- **Exercise**:
The lines to output run from the first line of the entries below through the line containing "United Autoparts Gas"; copy them exactly and leave out pictures.

- **Provided entries**:
====
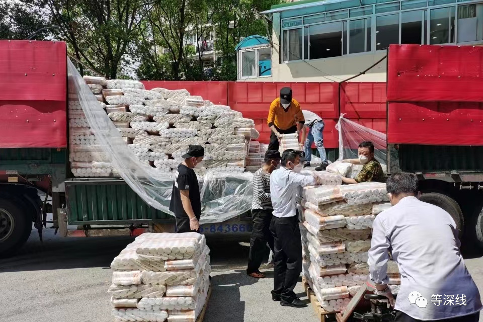那段時(shí)間,五人集體配貨,店長主要負(fù)責(zé)接單、廚師做飯配貨之余還要負(fù)責(zé)收銀,將貨款錄入系統(tǒng);保安則一直往返于超市所在的五樓與一樓之間,將打包好的貨物送到團(tuán)長手中。
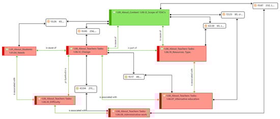 Semantic network of the relationships between the codes associated with the scope of changes brought about by ICTs in teaching tasks.3
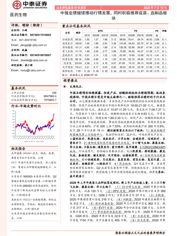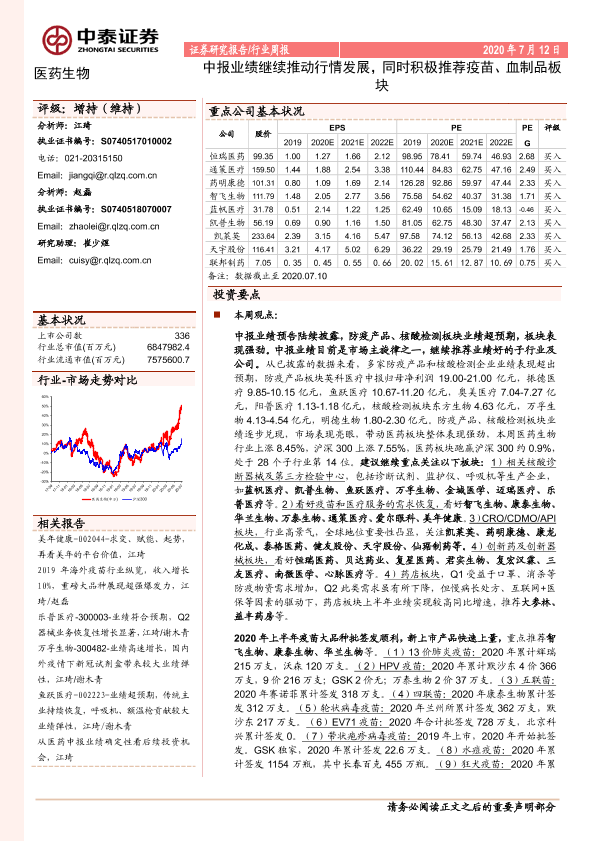 【中泰证券】【20200712】医药生物行业周报:中报业绩继续推动行情发展,同时积极推荐疫苗、血制品板块-12页
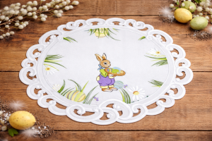 Serwetka wielkanocna na stół o średnicy 40 cm z uroczym króliczkiem to doskonały dodatek, który podkreśli wyjątkową atmosferę świąteczną przy wielkanocnym stole. Ręcznie wykonana serwetka z wysokiej jakości materiałów gwarantuje zarówno estetykę, jak i trwałość.
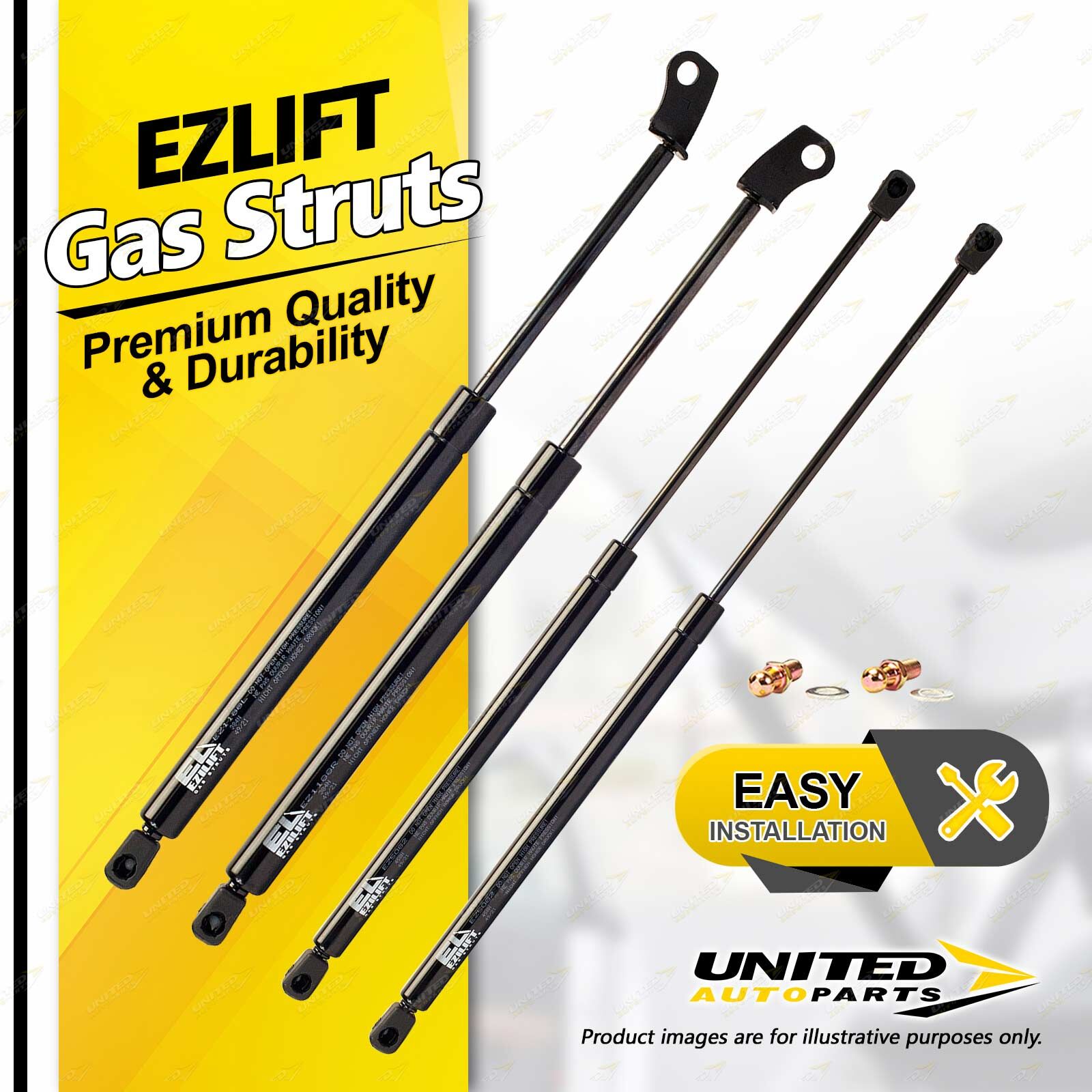 United Autoparts Gas Struts are the market' s premium replacement product.All products are 100% Tested, easy to fit with the use of simple hand tools and restore peace of mind and personal safety within minutes. |
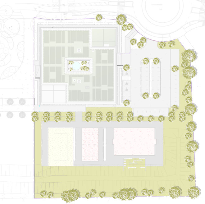 Das Motiv des Quadrats findet sich sowohl im Grundriss als auch in den Fassadenöffnungen wieder. In den Obergeschossen wird jeweils eine Gebäudeecke des Kubus ausgespart und als Dachterrasse bzw. Gründach genutzt. Horizontale Brandsperren vervollständigen in diesen Bereichen optisch die Kubatur. Während die geschossweise Bänderung sowie die Vordachgestaltung Elemente der Bestandsgebäude aufgreifen, vermittelt die Holzfassade die Andersartigkeit der Nutzung. Sonnen- und Blickschutzelemente treten je nach Nutzung aus der Fassadenebene hervor und tragen im Winter zur Reduzierung der Wärmeverluste bei. Einzelne Bereiche öffnen sich über eine Pfosten-Riegel-Konstruktion zum Außenraum und ermöglichen eine gebäudeübergreifende Kommunikation. Die Begrünung des Photovoltaikdaches sowie eine Berankung der Outdoor-Sportterrasse als Gestaltungselement sorgen für Verdunstungskühlung im Sommer.
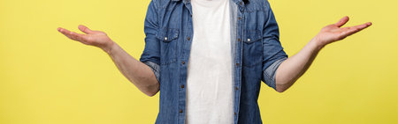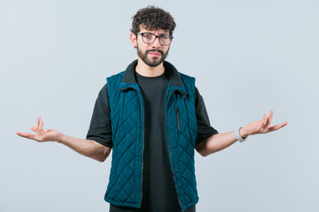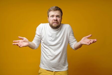 Confused man spreading hands bewildered isolated. Unsure person with face worried
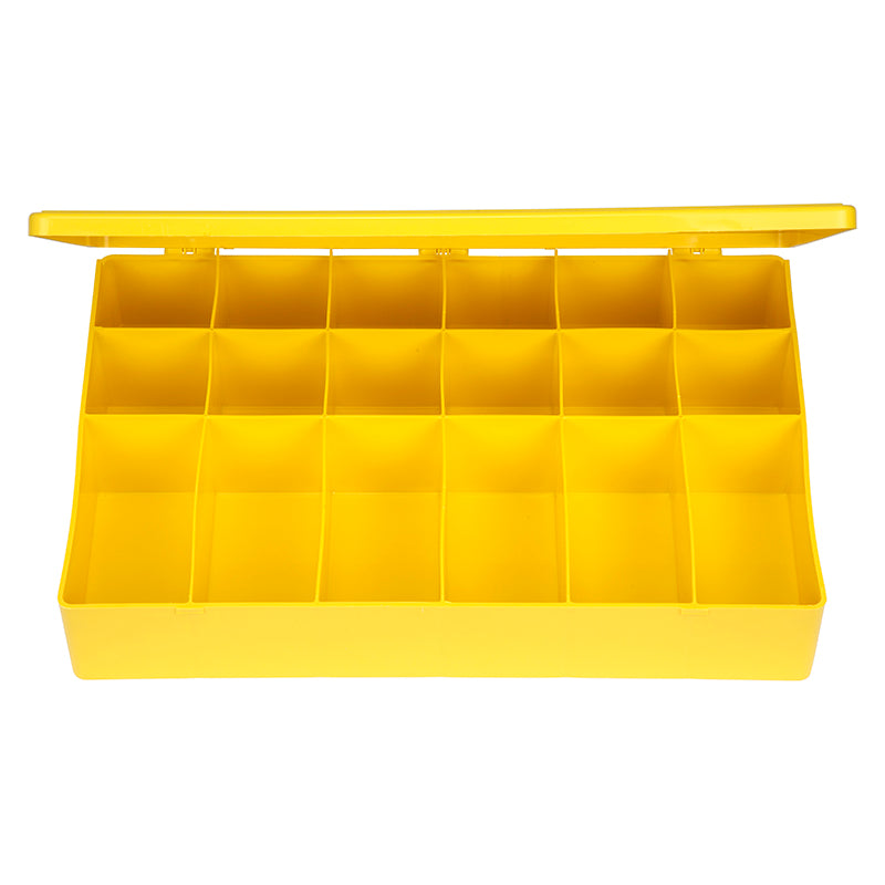 M-Series 6724TF (M818) eighteen compartment box has extra heavy-duty construction making this safety yellow in color polypropylene box tough and durable. The M-Series compartment box is a workhorse featuring a heavy-duty, heat-sealed hinge and overlapping lid to inhibit dust. Impervious to most household chemicals, solvents, oil and gasoline, this box keeps items safe and organized.
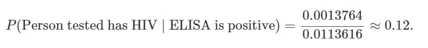 الأرقام المذكورة أعلاه هي تقديرات. ومع ذلك ، من أجل التحليل الاحصائي ، سوف نتعامل معها كما لو كانت حقيقية. هدفنا هو حساب احتمال الإصابة بفيروس نقص المناعة البشرية إذا كانت نتيجة اختبار ELISA إيجابية اي
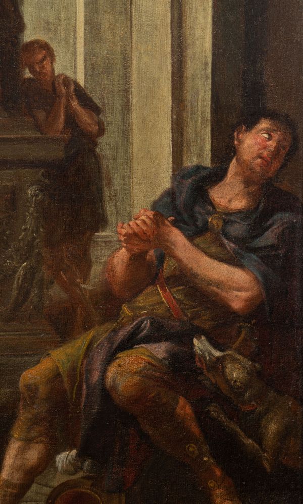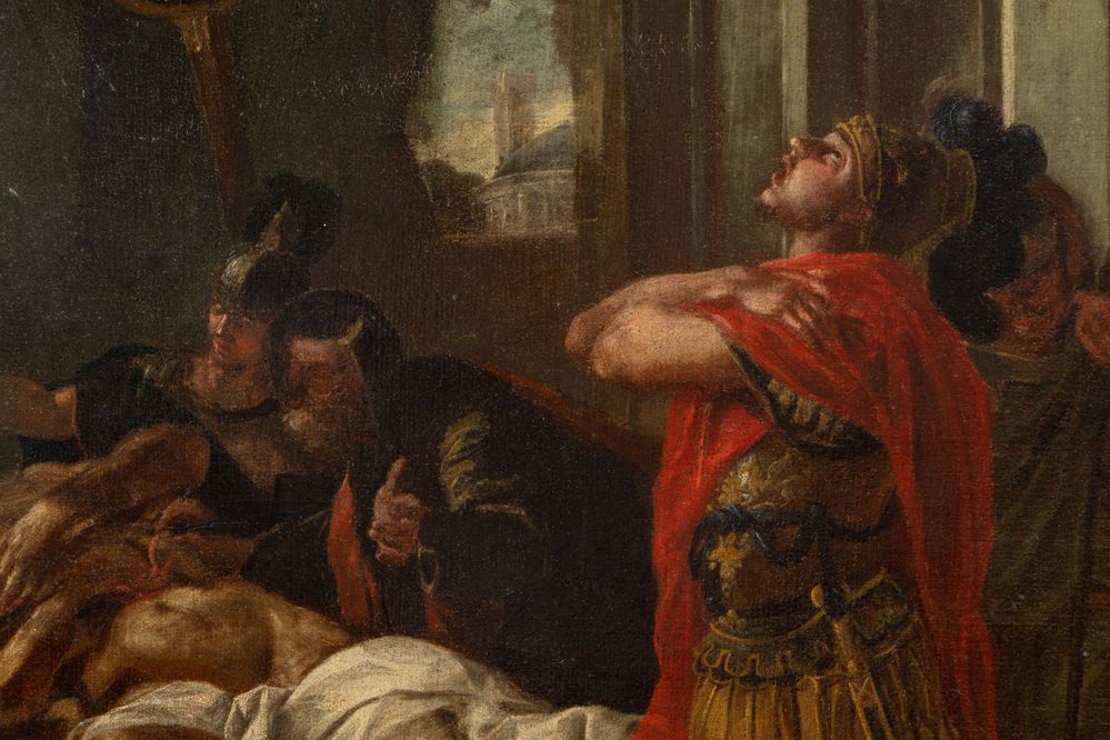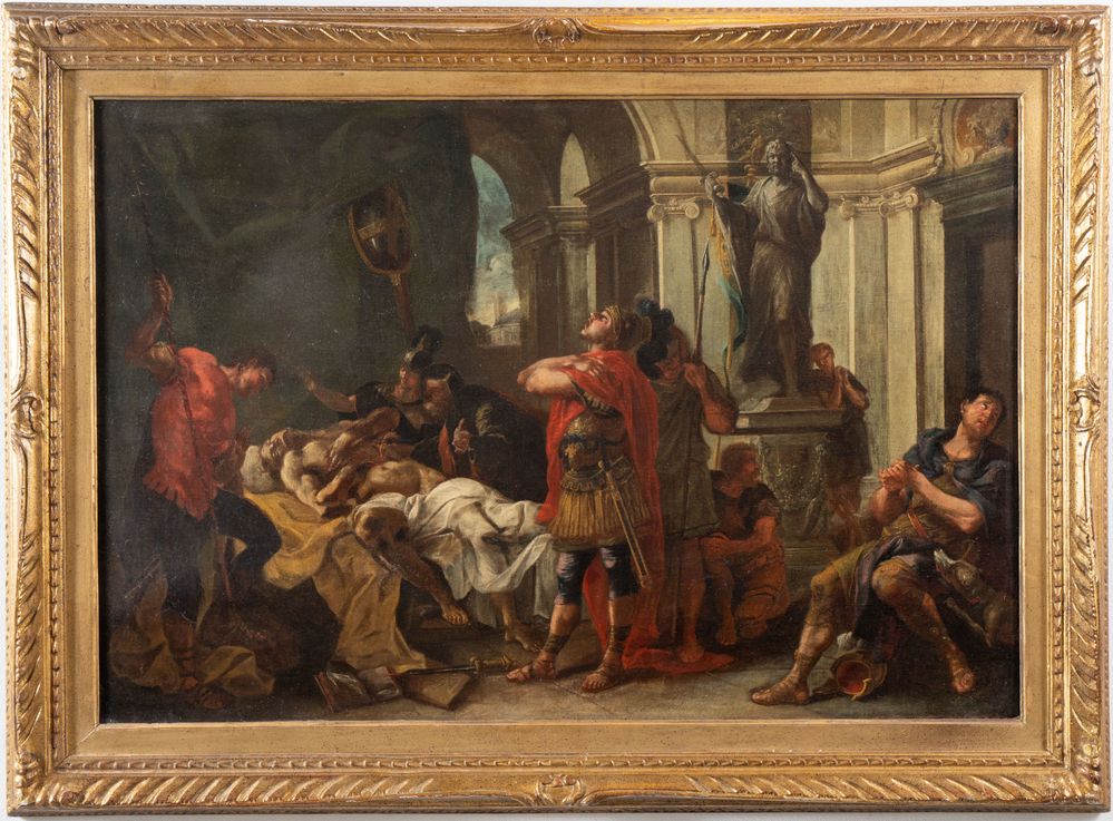 Maestro veneto del XVIII secolo. "Morte di Archimede". Olio su tela. Cm 70x105.
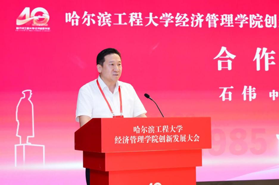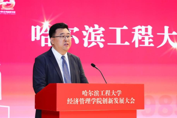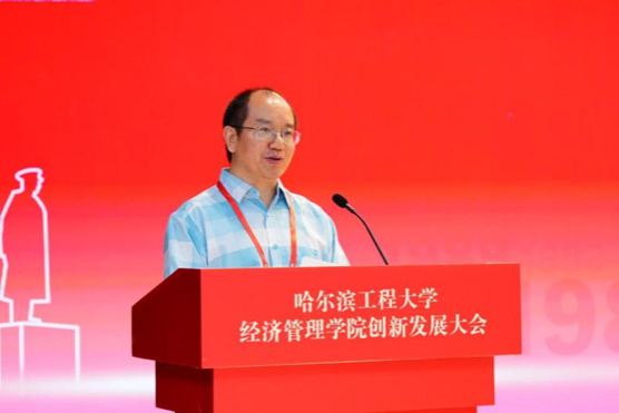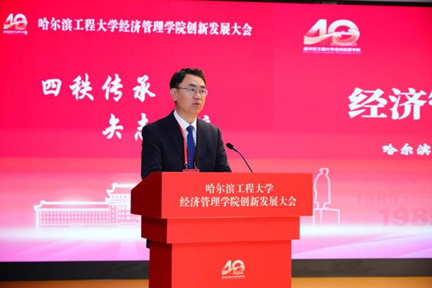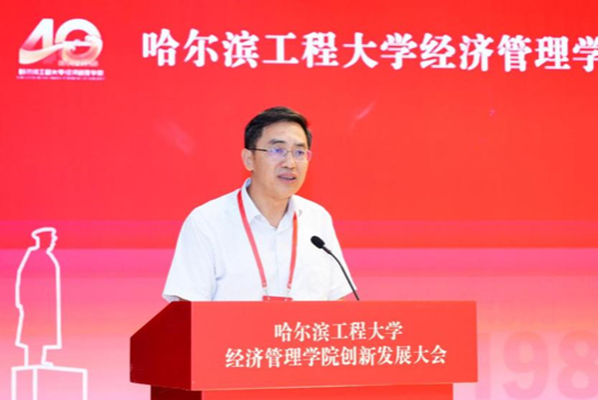 哈尔滨工业大学经济与管理学院院长王健作为兄弟院校代表致辞,深情回顾了两院“比邻而居、兄弟情深”的合作传统,对40年来学院发展取得的成绩给予祝贺。他强调,两院共同扎根龙江大地、传承国防工信特色,希望未来两院充分发挥互通互联优势,共育时代新人、共攀科研高峰、共担龙江使命、共创开放生态。
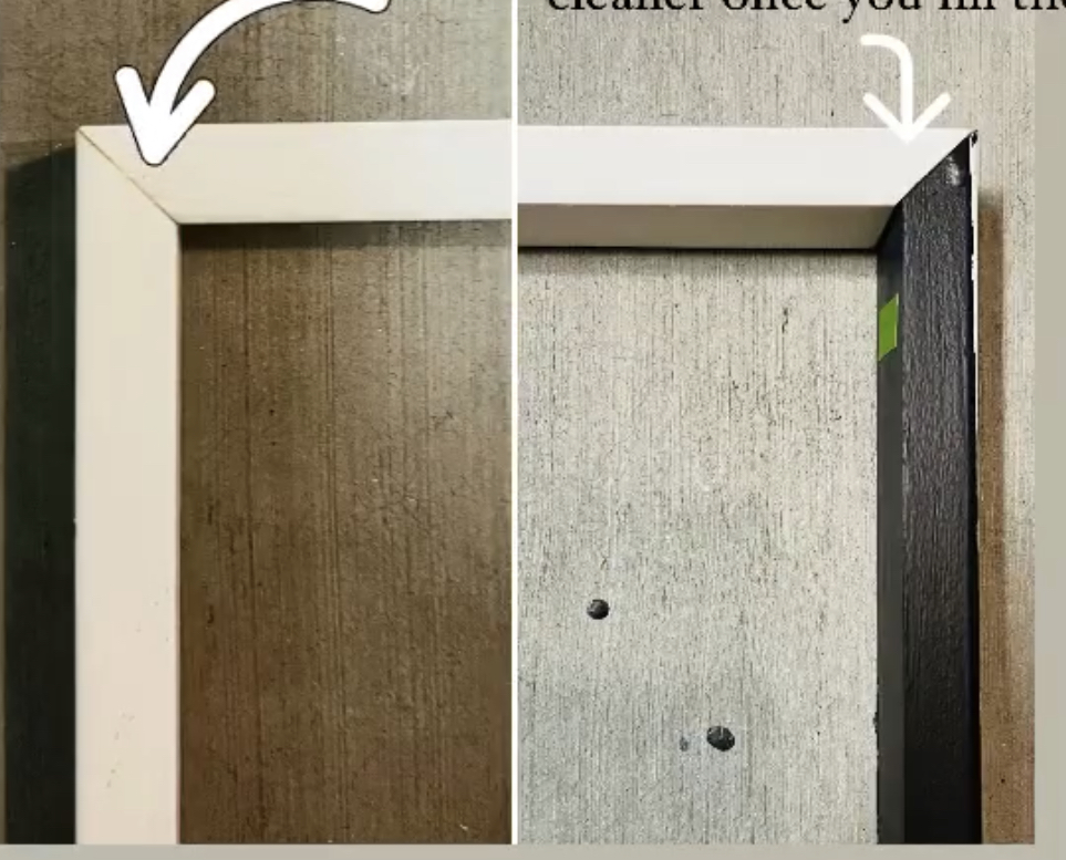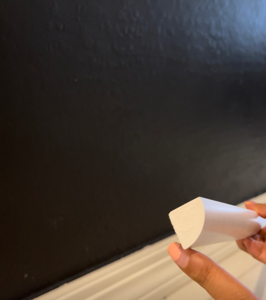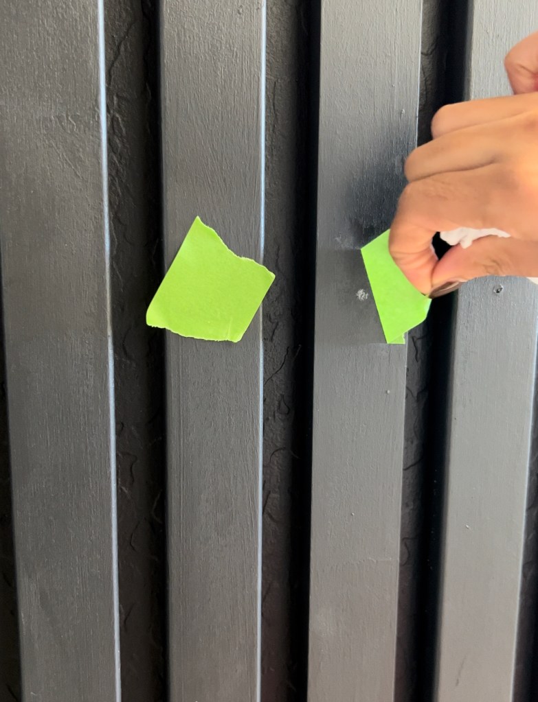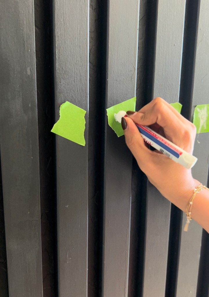 Next, time to fill in all the nail holes. Sometimes nails may have slightly popped out, in cases like these I prefer to use a nail setter. A nail set is a small metal tool that allows you to hammer the finish nail flush to, or slightly below, the surface of the wood while keeping the hammerhead a safe distance away. Once the nails are set, I used a fill stick to fill nail holes, it as easy as scribbling with a pen. You just scribble with the stick on the painters tape where you have nailed the wall. Now just peel off the tape and paint over. It’s such an easy hack to fill nail holes without sanding or smudging! Saves SO much time!
====
- **Reply to the exercise**:
那段時(shí)間,五人集體配貨,店長主要負(fù)責(zé)接單、廚師做飯配貨之余還要負(fù)責(zé)收銀,將貨款錄入系統(tǒng);保安則一直往返于超市所在的五樓與一樓之間,將打包好的貨物送到團(tuán)長手中。
 Semantic network of the relationships between the codes associated with the scope of changes brought about by ICTs in teaching tasks.3
 【中泰证券】【20200712】医药生物行业周报:中报业绩继续推动行情发展,同时积极推荐疫苗、血制品板块-12页
 Serwetka wielkanocna na stół o średnicy 40 cm z uroczym króliczkiem to doskonały dodatek, który podkreśli wyjątkową atmosferę świąteczną przy wielkanocnym stole. Ręcznie wykonana serwetka z wysokiej jakości materiałów gwarantuje zarówno estetykę, jak i trwałość.
 United Autoparts Gas Struts are the market' s premium replacement product.All products are 100% Tested, easy to fit with the use of simple hand tools and restore peace of mind and personal safety within minutes. |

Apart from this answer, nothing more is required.